Hay, allí, dentro, en resumen, todo lo que pueda extrañar un boricua en tierra lejana. Hasta el “to’ bien pai”, con el que don William suele saludar a los clientes, recuerda las calles de la isla. De no ser por los acentos centroamericanos entre los clientes y algunos de los empleados, puede alguien abstraerse y pensarse en el pueblo pequeño de Puerto Rico que más su alma le impida evocar.
“Aquí todo es hecho en la casa. Hasta el pique ‘Yo me mato’”, cuenta don William.
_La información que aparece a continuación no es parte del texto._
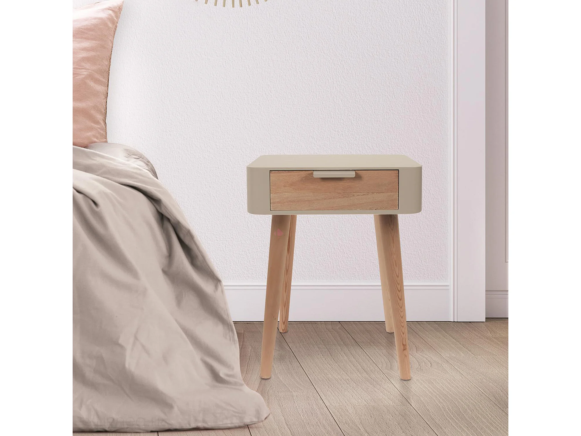 Table de chevet 1 tiroir en bois collection SHIREL taupe
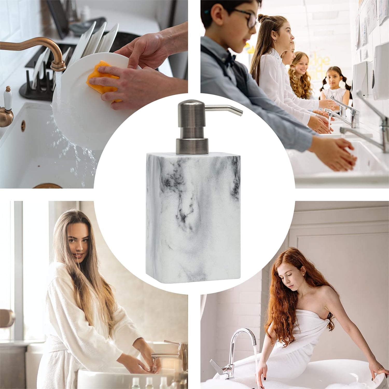 - PREMIUM MATERIAL: Soap dispenser with brushed nickel pump, made of high-quality resin and sandstone. The bottle mouth has enough threads to hold the pump stably and not leak.
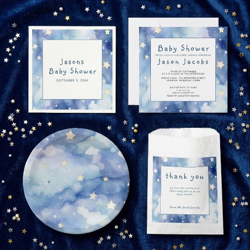 Invite loved ones to a magical baby shower with this elegant invitation, featuring a dreamy watercolor illustration of a blue night sky scattered with soft clouds and gold and ivory stars. Whimsical “Baby Shower” script headlines the centre, framed by modern serif details for the date, time, venue, and RSVP. The celestial theme’s gentle blue gradients and delicate stars create a soothing, gender-neutral look—ideal for boys, girls, or any evening celebration. The spacious, minimalist layout ensures your important details stand out, while the enchanting artwork sets a joyful and unforgettable tone for your event.

El nombre ‘Yo me mato’, del pique también está en una cadena que lleva don William y un afiche en la parte superior del cristal delantero de su camioneta. “Es que yo lo digo mucho, que yo me mato trabajando por mi familia”, dice el hombre, a modo de explicación.
En la mesa de al lado, un joven peruano dispuso con tesón y disciplina un enorme plato de sopón siete potencias que humeaba como las pociones mágicas de las películas. Dejó el plato tan limpio como si no hubiera sido usado. “¡Preciso!”, exclamó, pasándose una servilleta por la boca mientras emergía como de un viaje de la aventura de haber engullido tamaño manjar.
Don William –que hace veinte años abrió un segundo ‘Aquí me quedo’ en la avenida Albany de esta ciudad– cuenta que actualmente no tiene a ningún puertorriqueño en la cocina de sus restaurantes. Pero de donde quiera que vengan se le enseña la manera boricua de cocinar y no hay en el menú de ‘Aquí me quedo’ ningún plato que no sea auténticamente puertorriqueño.
“Hay de todas las razas dentro del negocio. Me llevo bien con todo el mundo. No he tenido problemas con ninguno hasta el día de hoy”, cuenta el hombre, que lleva un sombrero de cuero con motivos alusivos a las peleas de gallo.
Hace doce años, don William traspasó la administración de sus restaurantes a su hija Wilma Yolanda, quien, a vez, encargó el “Aquí me quedo” de la calle Park a su hijo Samuel, quien en el acento típico de los boricuas, como es su caso, de tercera generación, sigue cuidando el carácter boricua de esta institución de Hartford.
Don William sigue acudiendo al restaurante y atendiendo clientes tres o cuatro días en semana. El trabajo y el amor (tiene una hija de seis años), dice, lo mantienen saludable entrando a su octava década de vida. “Pa’ que lo coja otro, que se quede en familia”, dice, orgulloso de que ya una tercera generación de los suyos esté a cargo del restaurante boricua más antiguo de Hartford.
Concluida la charla, llegan a la mesa de los periodistas alcapurrias crujientes, una montaña de arroz fulgurantemente blanco, de granos claros y relucientes, habichuelas rosadas espesas y bien condimentadas y carne guisada oscura, blanda y jugosa, cuyo caldo exudaba un aroma embriagador.
Fue obligatorio entonces que echara a un lado libretas, bolígrafos, cámaras y grabadora.
El resto, incluyendo la dieta, fue historia.